Адам вернулся ко мне в комнату вместе со мной. Я тут же забралась на кровать, а он еще какое-то время ходил туда-сюда, выглядывая из-за занавески, поднимая со столика Библию и снова укладывая ее обратно. Я думала, что он усядется на деревянный стул, но он в конце концов все-таки подошел и сел на кровати рядом со мной, опустив голову на изголовье дюймах в двух от меня.
— Так вот, если все мы кварки и электроны… — начал он.
— То что?
— Получается, что, если мы займемся любовью, это всего лишь кварки и электроны будут тереться друг о друга?
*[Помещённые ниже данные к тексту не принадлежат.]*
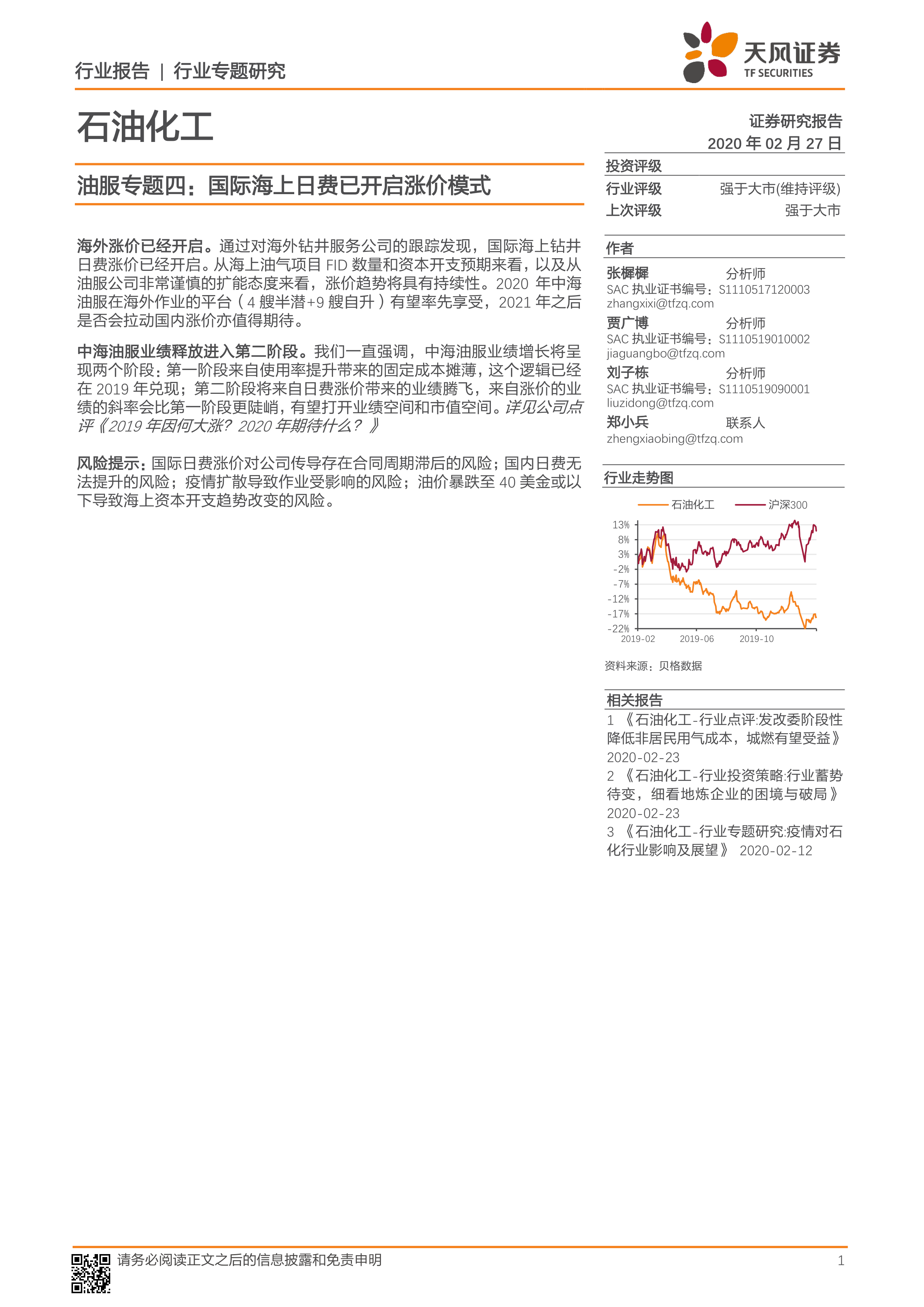 本报告分析了国际海上钻井日费的涨价趋势,认为海外市场已经开启涨价模式,主要受益于海上油气项目FID数量增加和资本开支预期上升,以及油服公司谨慎的扩能态度。中海油服有望率先受益于此次涨价,预计2020年海外涨价将给公司业绩带来约4.5亿净利润增厚。维持中海油服2019/2020/2021年业绩预测25/38/47亿,并认为2021年之后业绩预测有上调的可能性。

— Даже лучше, — сказала я. — В микроскопическом мире никто ни о кого не трется. В действительности одно вещество никогда не соприкасается с другим веществом, поэтому мы можем заняться любовью, и наши атомы даже не будут друг друга касаться. Ты ведь помнишь, что электроны находятся снаружи атомов и отталкивают другие электроны. Поэтому мы можем заняться любовью и в то же время отталкивать друг друга.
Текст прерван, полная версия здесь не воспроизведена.